Spare the rod and you will spoil the child; well, then I must have become the most well-behaved young woman in the world because the rod was used every day. I was a very afraid, shy and quiet girl as I grew up. I tried not to be seen, so no one would beat me. I am still very good at feeling the dominant emotion in a group of people. If the energy is bad, I will disappear like the pattern on a wallpaper. I believe that my mother loved me in some way, but she never made me feel that. Her soul was damaged by her upbringing since the war in Finland when the Russians invaded the country and killed a lot of Finns. Times were hard, it was only a matter of survival and a crying child was only irritating. The cry could also be dangerous because if you have to hide from the enemy you don’t want your child to reveal where you are hidden.

My mother was a part of her own violent chain stretching generations back. She only repeated what she was taught from early childhood. My mother was, like many other mothers in the world, not especially educated. She tried her best but as she was very strong-minded she never took advice from anyone. They say that in Africa it takes a whole village to raise a child, that might still be true but here in the north we don’t have that security of this village around us.

We don’t live in extended families; every family is like an island surrounded by solitude. We don’t give advice easily and try to manage on our own. We don’t live together with our elderly parents and in those cases when we have them near they are busy on their own most of the time. If we need a babysitter, we must call for someone to come, we don’t just go somewhere, knock on the door and offer our help.

When I spend time in The Gambia, I meet brothers and sisters of my husband’s who come to help with the kids or some other things that needed to be done. I like this system that you extend a hand to help others. I’m blessed to have a wonderful family both in The Gambia and in Sweden. There is so much love and caring between the family members and I appreciate it even more because I have experienced the complete opposite. For those families who have this foundation of love, it must be wonderful to grow up as a child knowing that you have always someone who cares for you. Children are vulnerable and they have a human right of being well taken care of, having a home, being fed every day, go to school and to feel secure. A child that is beaten and in other ways humiliated loses his or her feeling of security.

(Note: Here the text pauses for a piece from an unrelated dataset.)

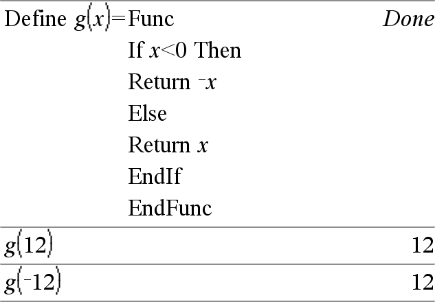 If BooleanExpr If BooleanExpr Then If BooleanExpr evaluates to true, executes the single statement Statement or the block of statements Block before continuing execution. If BooleanExpr evaluates to false, continues execution without executing the statement or block of statements. Block can be either a single statement or a sequence of statements separated with the “:” character. Note for entering the example: For instructions on entering multi-line program and function definitions, refer to the Calculator section of your product guidebook. |

If you think back on what I told you about the kids who were forced to bring branches to be beaten with – how can a parent keep on to the anger for so long it takes for the child to come back home? A slap in the heat of the moment – I do understand that, but force the child to fetch what it he or she is going to be beaten with? That is cruelty!
I will end with some words from a study made by The Global Initiative to End All Corporal Punishment of Children: “The study examined various risk factors for experiencing corporal punishment and found that violence between adults were ten times as likely to be physically punished as children in families where there was no violence between adults.”
Stop this chain of violence and begin a new one with rings made of love and caring instead.